__Exercise prompt__:
Please output, exactly and without pictures, the lines from the opening of the listing below through the line containing "사진 속 백지영은 이른", both included.

__The data__:
★ ★ ★

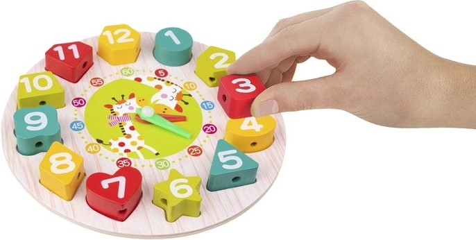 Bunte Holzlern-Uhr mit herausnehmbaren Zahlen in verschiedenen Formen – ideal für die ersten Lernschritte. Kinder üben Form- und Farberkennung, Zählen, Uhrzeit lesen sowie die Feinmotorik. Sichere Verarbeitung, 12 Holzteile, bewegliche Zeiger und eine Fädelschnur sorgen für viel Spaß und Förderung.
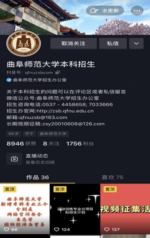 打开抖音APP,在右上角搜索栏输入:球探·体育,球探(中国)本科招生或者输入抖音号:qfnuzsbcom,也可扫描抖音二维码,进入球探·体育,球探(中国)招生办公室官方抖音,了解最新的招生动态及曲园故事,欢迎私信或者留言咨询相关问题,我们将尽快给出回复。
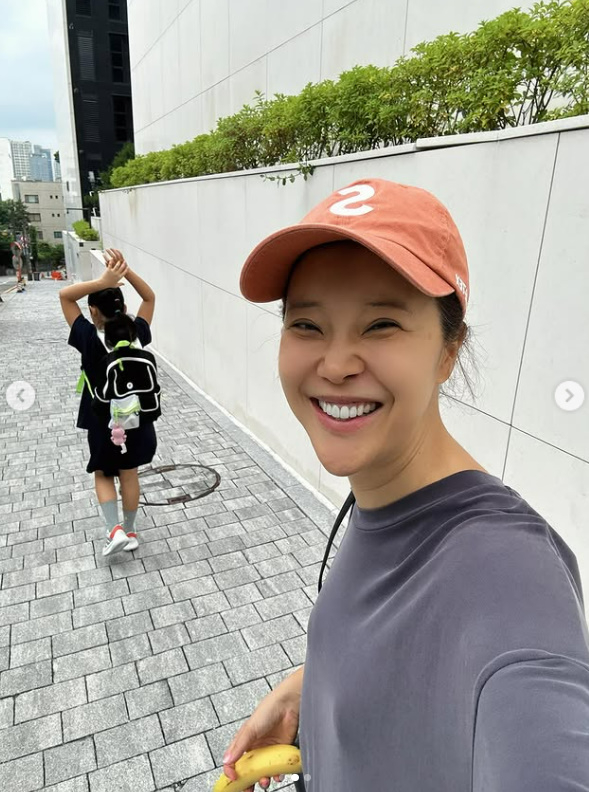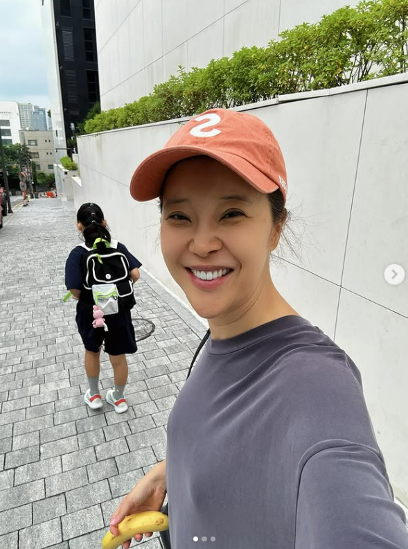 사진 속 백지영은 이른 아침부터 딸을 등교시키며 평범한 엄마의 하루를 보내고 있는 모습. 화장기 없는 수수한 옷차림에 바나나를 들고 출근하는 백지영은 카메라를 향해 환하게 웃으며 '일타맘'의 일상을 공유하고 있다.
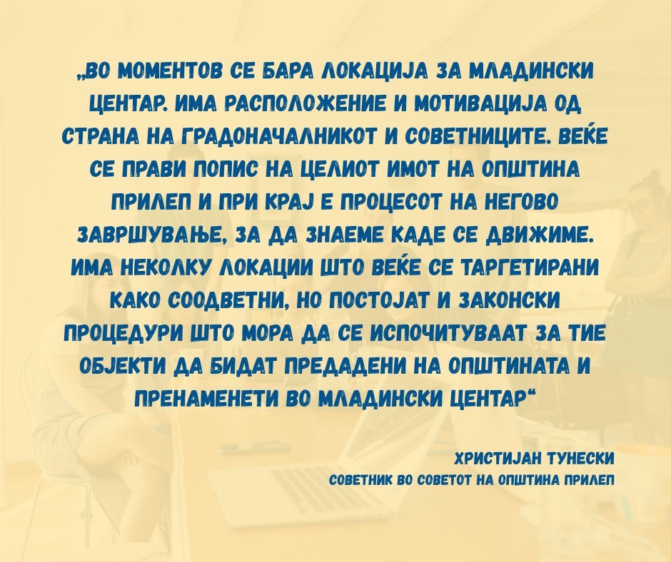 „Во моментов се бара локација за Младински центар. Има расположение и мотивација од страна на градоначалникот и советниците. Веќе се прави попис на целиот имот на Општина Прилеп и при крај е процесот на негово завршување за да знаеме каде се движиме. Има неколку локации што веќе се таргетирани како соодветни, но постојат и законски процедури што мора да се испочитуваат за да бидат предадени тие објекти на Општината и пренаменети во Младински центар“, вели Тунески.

★ ★ ★

__Task output__:
 Bunte Holzlern-Uhr mit herausnehmbaren Zahlen in verschiedenen Formen – ideal für die ersten Lernschritte. Kinder üben Form- und Farberkennung, Zählen, Uhrzeit lesen sowie die Feinmotorik. Sichere Verarbeitung, 12 Holzteile, bewegliche Zeiger und eine Fädelschnur sorgen für viel Spaß und Förderung.
 打开抖音APP,在右上角搜索栏输入:球探·体育,球探(中国)本科招生或者输入抖音号:qfnuzsbcom,也可扫描抖音二维码,进入球探·体育,球探(中国)招生办公室官方抖音,了解最新的招生动态及曲园故事,欢迎私信或者留言咨询相关问题,我们将尽快给出回复。
 사진 속 백지영은 이른 아침부터 딸을 등교시키며 평범한 엄마의 하루를 보내고 있는 모습. 화장기 없는 수수한 옷차림에 바나나를 들고 출근하는 백지영은 카메라를 향해 환하게 웃으며 '일타맘'의 일상을 공유하고 있다.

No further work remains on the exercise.